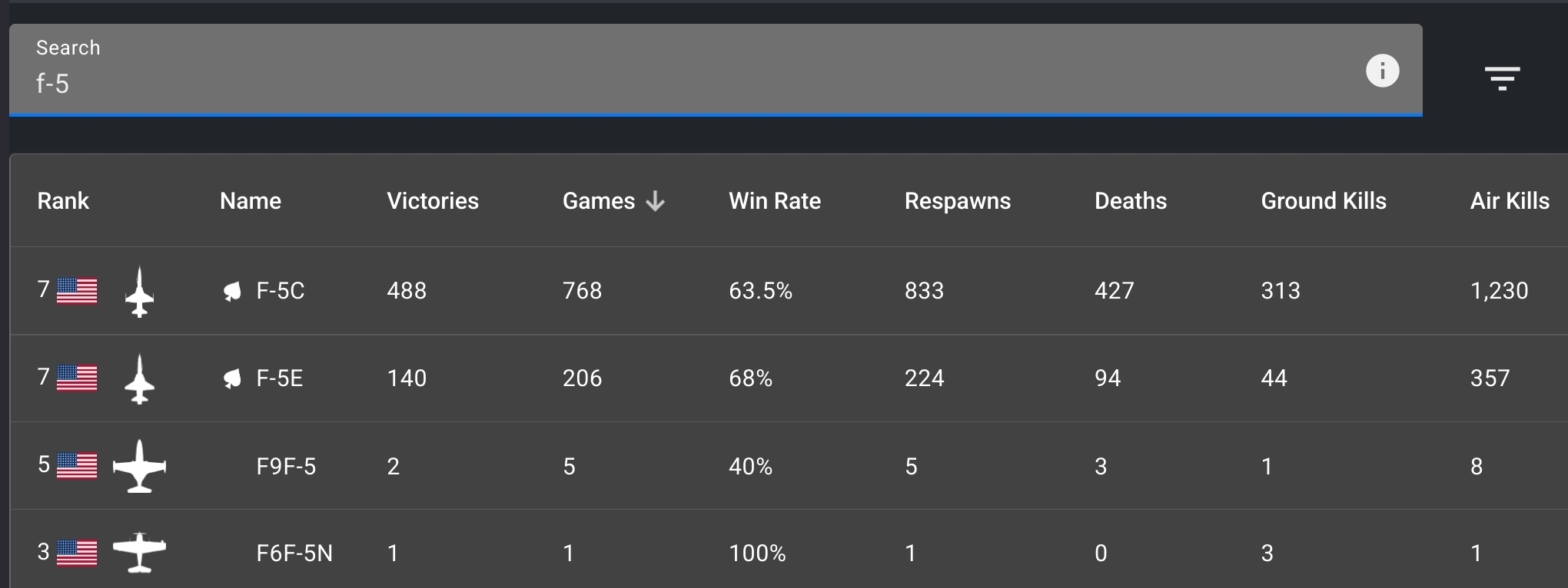 I say that f-5s are terrible because not even good players killed me on “these planes the f-5 eats alive” according to this community.
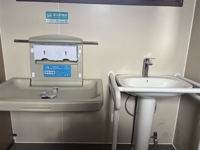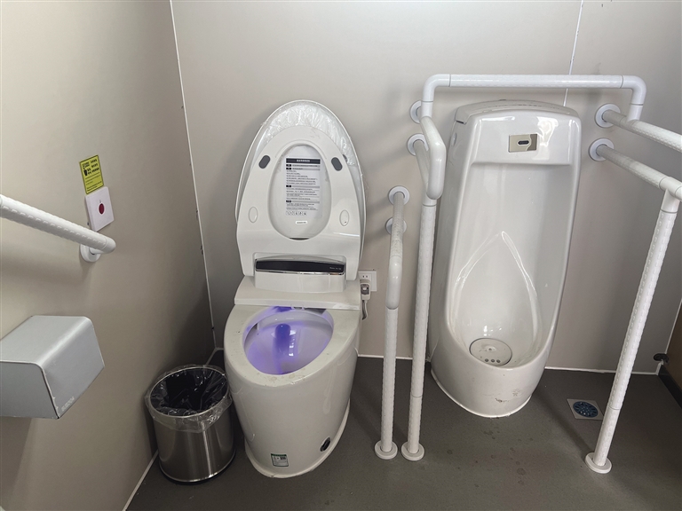 公廁內(nèi)部除了正常的蹲位,還設(shè)有第三衛(wèi)生間。第三衛(wèi)生間內(nèi)配有嬰兒護(hù)理臺、嬰兒安全座椅等設(shè)施。除此之外,第三衛(wèi)生間還設(shè)有安全扶手、智能馬桶等設(shè)備,方便腿腳不方便的老年人及殘疾人。智能馬桶旁還安裝有緊急報(bào)警器?!叭绻欣先嗽趲梗涂梢园匆幌戮o急報(bào)警器。這也是我們考慮到殘疾人、老年人如廁不方便,增設(shè)的人性化設(shè)計(jì)?!背嗔姓f。
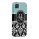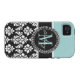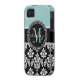 BLUE, BLACK DAMASK, YOUR MONOGRAM ,YOUR NAME Case-Mate iPhone CASE

● **WORK REQUEST**: Word for word and without any pictures, return all of the lines above.

● **WRITTEN REPLY**:
 I say that f-5s are terrible because not even good players killed me on “these planes the f-5 eats alive” according to this community.
 公廁內(nèi)部除了正常的蹲位,還設(shè)有第三衛(wèi)生間。第三衛(wèi)生間內(nèi)配有嬰兒護(hù)理臺、嬰兒安全座椅等設(shè)施。除此之外,第三衛(wèi)生間還設(shè)有安全扶手、智能馬桶等設(shè)備,方便腿腳不方便的老年人及殘疾人。智能馬桶旁還安裝有緊急報(bào)警器?!叭绻欣先嗽趲梗涂梢园匆幌戮o急報(bào)警器。這也是我們考慮到殘疾人、老年人如廁不方便,增設(shè)的人性化設(shè)計(jì)?!背嗔姓f。
 BLUE, BLACK DAMASK, YOUR MONOGRAM ,YOUR NAME Case-Mate iPhone CASE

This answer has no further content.